- **To do**
Repeat only the lines below from the one containing "When battery voltage" through the one containing "Lámparas y veladores de tela plisada.", inclusive, exactly as written.

- **Input data**

*** Block opens ***

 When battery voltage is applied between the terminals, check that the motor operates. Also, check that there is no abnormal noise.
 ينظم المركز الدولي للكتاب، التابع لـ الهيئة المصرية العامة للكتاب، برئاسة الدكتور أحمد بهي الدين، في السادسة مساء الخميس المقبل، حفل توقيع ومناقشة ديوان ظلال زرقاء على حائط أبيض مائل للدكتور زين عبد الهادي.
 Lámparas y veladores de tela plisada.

*** Block closes ***
*** Block opens ***

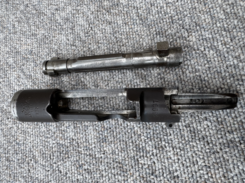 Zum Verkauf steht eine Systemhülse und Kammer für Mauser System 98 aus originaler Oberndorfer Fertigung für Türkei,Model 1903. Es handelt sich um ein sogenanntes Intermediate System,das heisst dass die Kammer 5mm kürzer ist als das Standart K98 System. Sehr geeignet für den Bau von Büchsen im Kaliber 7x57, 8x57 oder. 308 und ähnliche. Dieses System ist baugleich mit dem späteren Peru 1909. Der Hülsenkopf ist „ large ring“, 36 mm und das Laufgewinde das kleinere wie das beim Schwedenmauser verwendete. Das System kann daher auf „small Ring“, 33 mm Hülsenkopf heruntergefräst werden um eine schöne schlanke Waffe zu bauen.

*** Block closes ***

- **Answer to this task**
 When battery voltage is applied between the terminals, check that the motor operates. Also, check that there is no abnormal noise.
 ينظم المركز الدولي للكتاب، التابع لـ الهيئة المصرية العامة للكتاب، برئاسة الدكتور أحمد بهي الدين، في السادسة مساء الخميس المقبل، حفل توقيع ومناقشة ديوان ظلال زرقاء على حائط أبيض مائل للدكتور زين عبد الهادي.
 Lámparas y veladores de tela plisada.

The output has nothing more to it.